我在代码中使用以下语句,我只能在应用程序运行时执行,否则会在XAML设计器中导致异常。
if (System.Windows.Application.Current.MainWindow != null)
#5
3
Put a design time data source in your XAML like this:
将设计时数据源放在XAML中,如下所示:
<UserControl x:Class="Company.Product.View.MyView"
xmlns="http://schemas.microsoft.com/winfx/2006/xaml/presentation"

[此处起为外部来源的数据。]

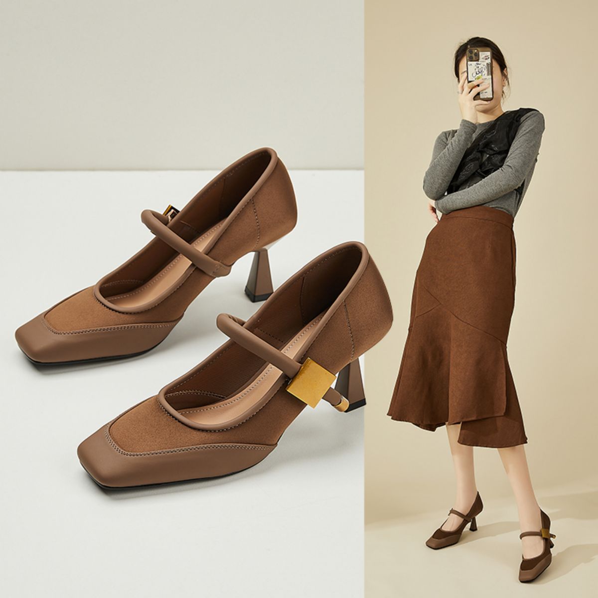 【法式气质】25透气玛丽珍鞋女金属扣一字带方头细跟浅口高跟鞋 989399
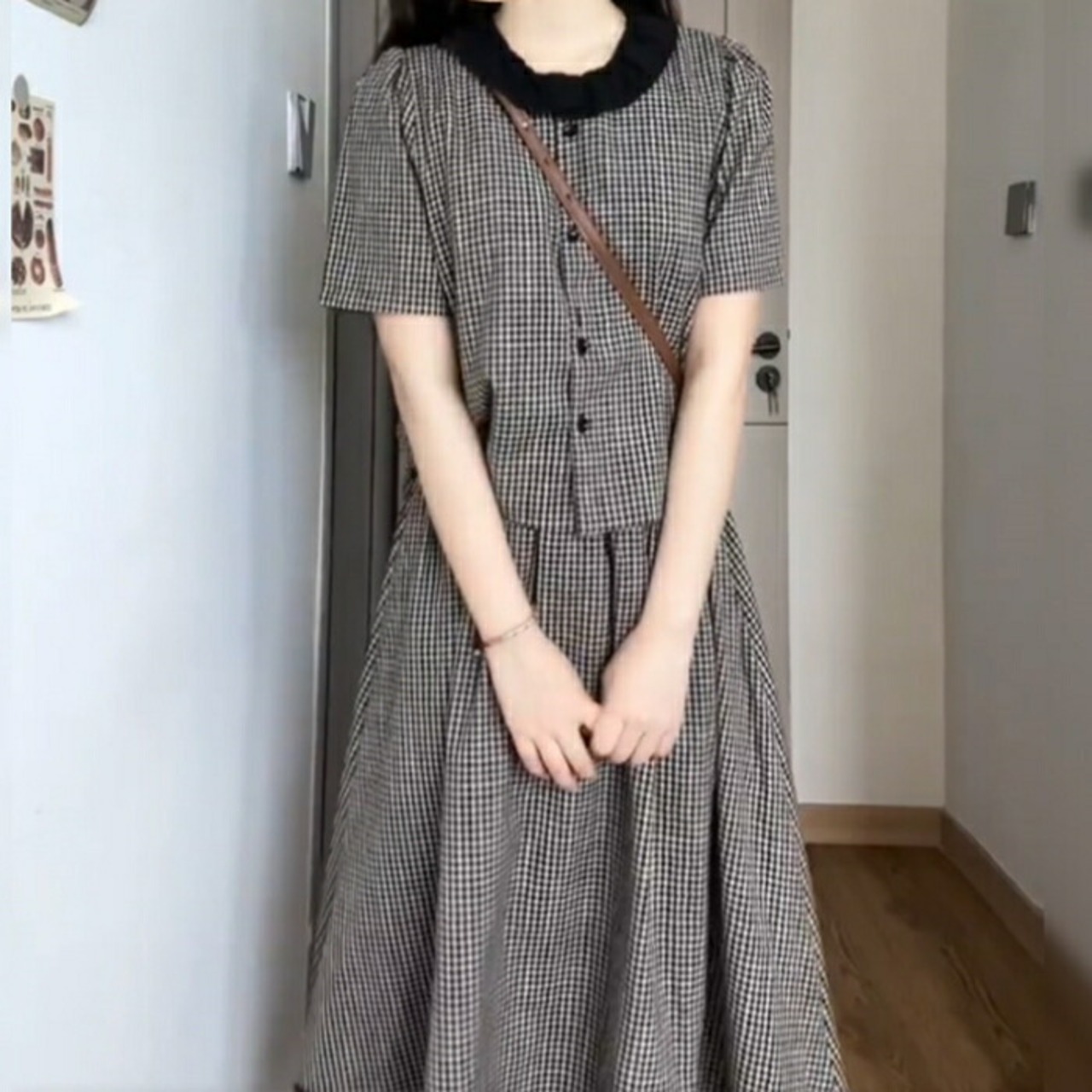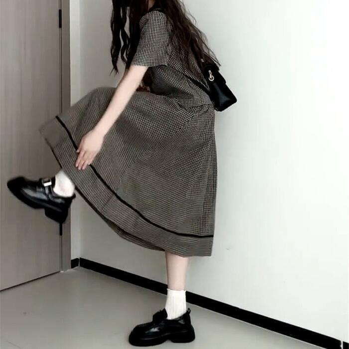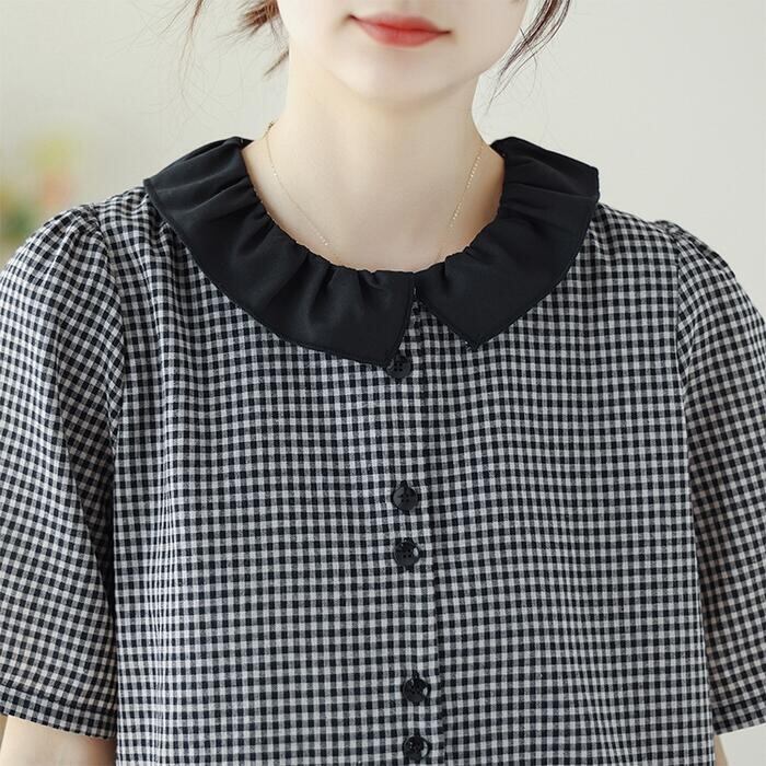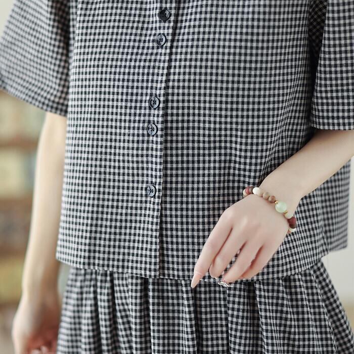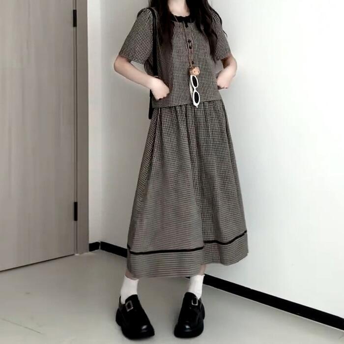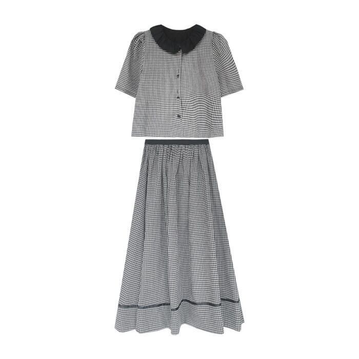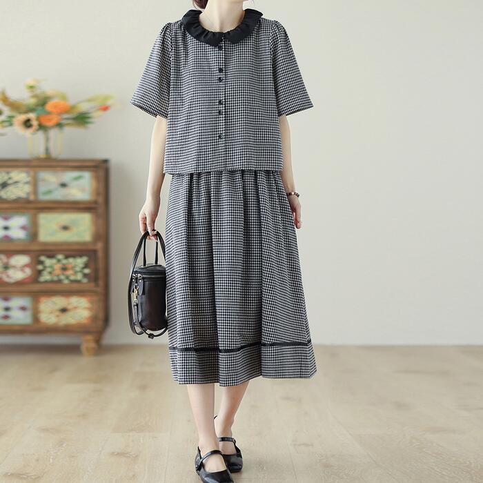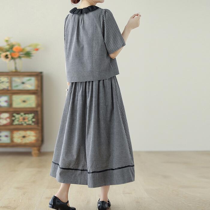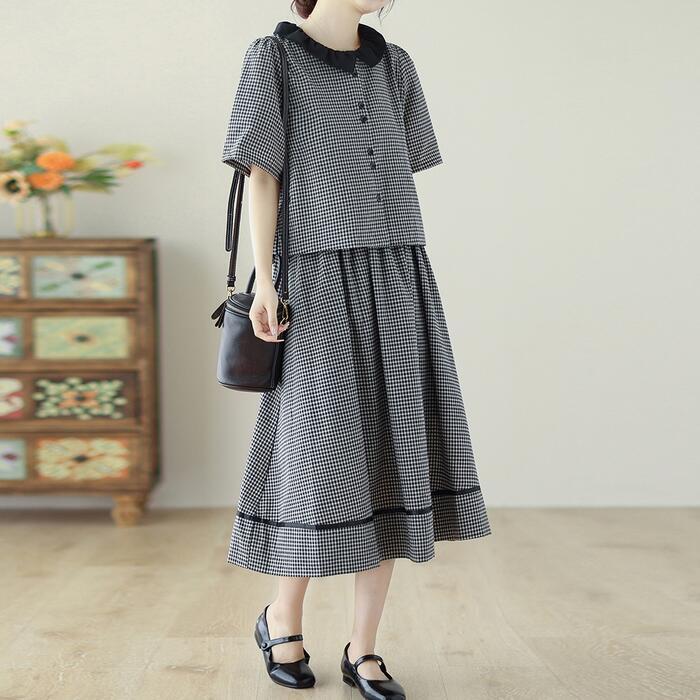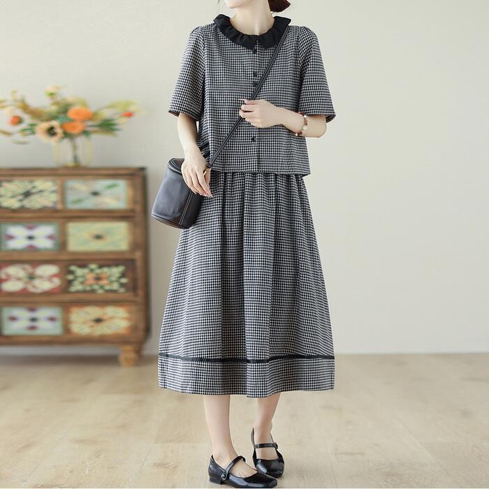 大きいサイズ セットアップ レディース スカート ブラウス シャツ ギンガムチェック トップス 半袖 エレガント カジュアル きれいめ ミモレ丈 大人 可愛い 2点セット おしゃれ 体型カバー ブラック 黒 春 秋 夏 20代 30代 40代 50代

xmlns:x="http://schemas.microsoft.com/winfx/2006/xaml"
xmlns:mc="http://schemas.openxmlformats.org/markup-compatibility/2006"
xmlns:d="http://schemas.microsoft.com/expression/blend/2008"
xmlns:vm="clr-namespace:Company.Product.ViewModel.Design"
xmlns:design_vm="clr-namespace:Company.Product.ViewModel.Design"
mc:Ignorable="d" Name="MyView">
<UserControl.Resources>
<ObjectDataProvider ObjectType="{x:Type design_vm:MyViewModel}" x:Key="DesignTime_DataSource" d:IsDataSource="True"/>
</UserControl.Resources>
<Grid d:DataContext="{StaticResource DesignTime_DataSource}">
....
</Grid>
</UserControl>
Let your design time viewmodel inherit from the run time viewmodel, but mock up the data in the constructor. You may also have to do something to your run time view model so the design time viewmodel doesn't run the data access code.
让您的设计时viewmodel从运行时viewmodel继承,但是在构造函数中模拟数据。您可能还需要对运行时视图模型执行某些操作,因此设计时viewmodel不会运行数据访问代码。
#6
1
It all depends on how you set up the binding between the view and the view-model. If it's initiated by the view in the constructor (which seems likely given the symptoms), you can check IsInDesignMode from there. Otherwise you need to provide a very quick overview of your architecture (or framework if you use any).
这完全取决于您如何设置视图和视图模型之间的绑定。如果它是由构造函数中的视图启动的(似乎可能出现症状),则可以从那里检查IsInDesignMode。否则,您需要提供对架构(或框架,如果您使用任何架构)的快速概述。